AVAILABLE DATA ::

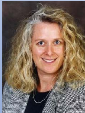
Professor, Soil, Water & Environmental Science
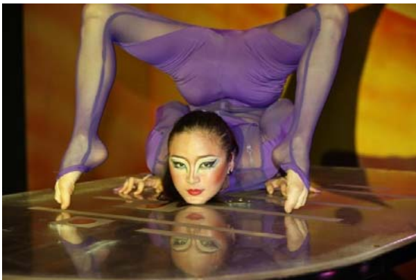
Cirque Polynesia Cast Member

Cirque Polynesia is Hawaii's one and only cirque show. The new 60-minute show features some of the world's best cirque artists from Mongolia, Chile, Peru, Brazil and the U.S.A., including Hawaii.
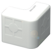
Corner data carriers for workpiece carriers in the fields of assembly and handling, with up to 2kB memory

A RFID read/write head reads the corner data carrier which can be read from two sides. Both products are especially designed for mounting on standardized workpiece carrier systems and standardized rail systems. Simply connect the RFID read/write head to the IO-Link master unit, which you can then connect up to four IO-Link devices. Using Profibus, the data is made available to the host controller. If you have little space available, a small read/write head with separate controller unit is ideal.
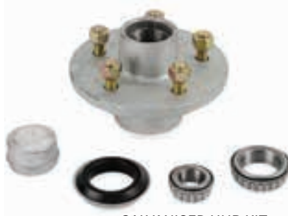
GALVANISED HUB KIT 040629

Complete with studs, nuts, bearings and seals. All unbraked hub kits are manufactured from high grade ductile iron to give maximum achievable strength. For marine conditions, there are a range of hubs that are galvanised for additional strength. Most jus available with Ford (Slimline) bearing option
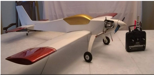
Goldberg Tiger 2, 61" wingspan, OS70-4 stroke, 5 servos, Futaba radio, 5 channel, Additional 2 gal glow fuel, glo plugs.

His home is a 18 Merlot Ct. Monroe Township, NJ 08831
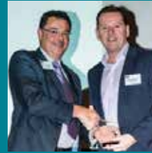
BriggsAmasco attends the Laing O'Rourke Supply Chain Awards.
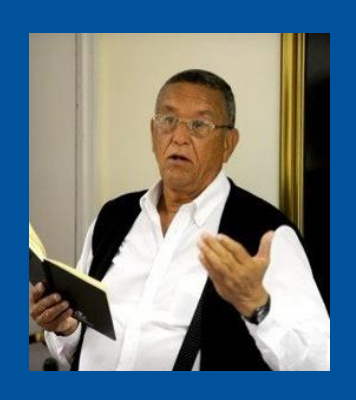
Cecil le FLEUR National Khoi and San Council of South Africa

* * *

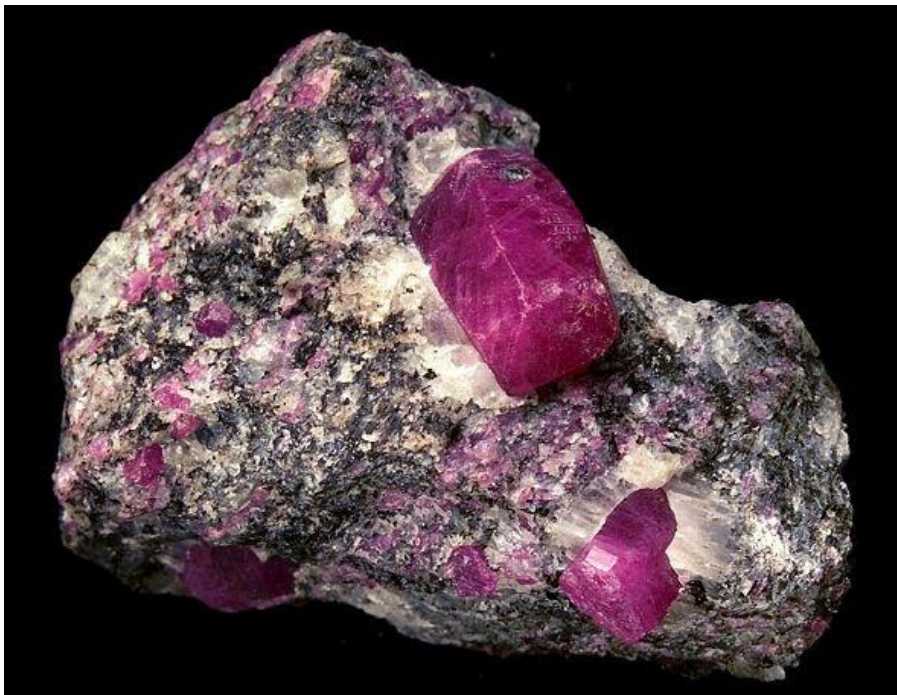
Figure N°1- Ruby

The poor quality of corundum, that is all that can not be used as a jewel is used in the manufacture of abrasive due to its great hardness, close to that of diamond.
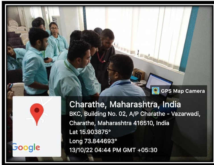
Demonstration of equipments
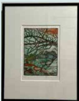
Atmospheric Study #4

WORK REQUIRED :: Return exactly the lines above, from the one with "Corner data carriers" up to and including the one with "BriggsAmasco attends the", and include no pictures.

TASK RESPONSE ::
Corner data carriers for workpiece carriers in the fields of assembly and handling, with up to 2kB memory

A RFID read/write head reads the corner data carrier which can be read from two sides. Both products are especially designed for mounting on standardized workpiece carrier systems and standardized rail systems. Simply connect the RFID read/write head to the IO-Link master unit, which you can then connect up to four IO-Link devices. Using Profibus, the data is made available to the host controller. If you have little space available, a small read/write head with separate controller unit is ideal.
GALVANISED HUB KIT 040629

Complete with studs, nuts, bearings and seals. All unbraked hub kits are manufactured from high grade ductile iron to give maximum achievable strength. For marine conditions, there are a range of hubs that are galvanised for additional strength. Most jus available with Ford (Slimline) bearing option
Goldberg Tiger 2, 61" wingspan, OS70-4 stroke, 5 servos, Futaba radio, 5 channel, Additional 2 gal glow fuel, glo plugs.

His home is a 18 Merlot Ct. Monroe Township, NJ 08831
BriggsAmasco attends the Laing O'Rourke Supply Chain Awards.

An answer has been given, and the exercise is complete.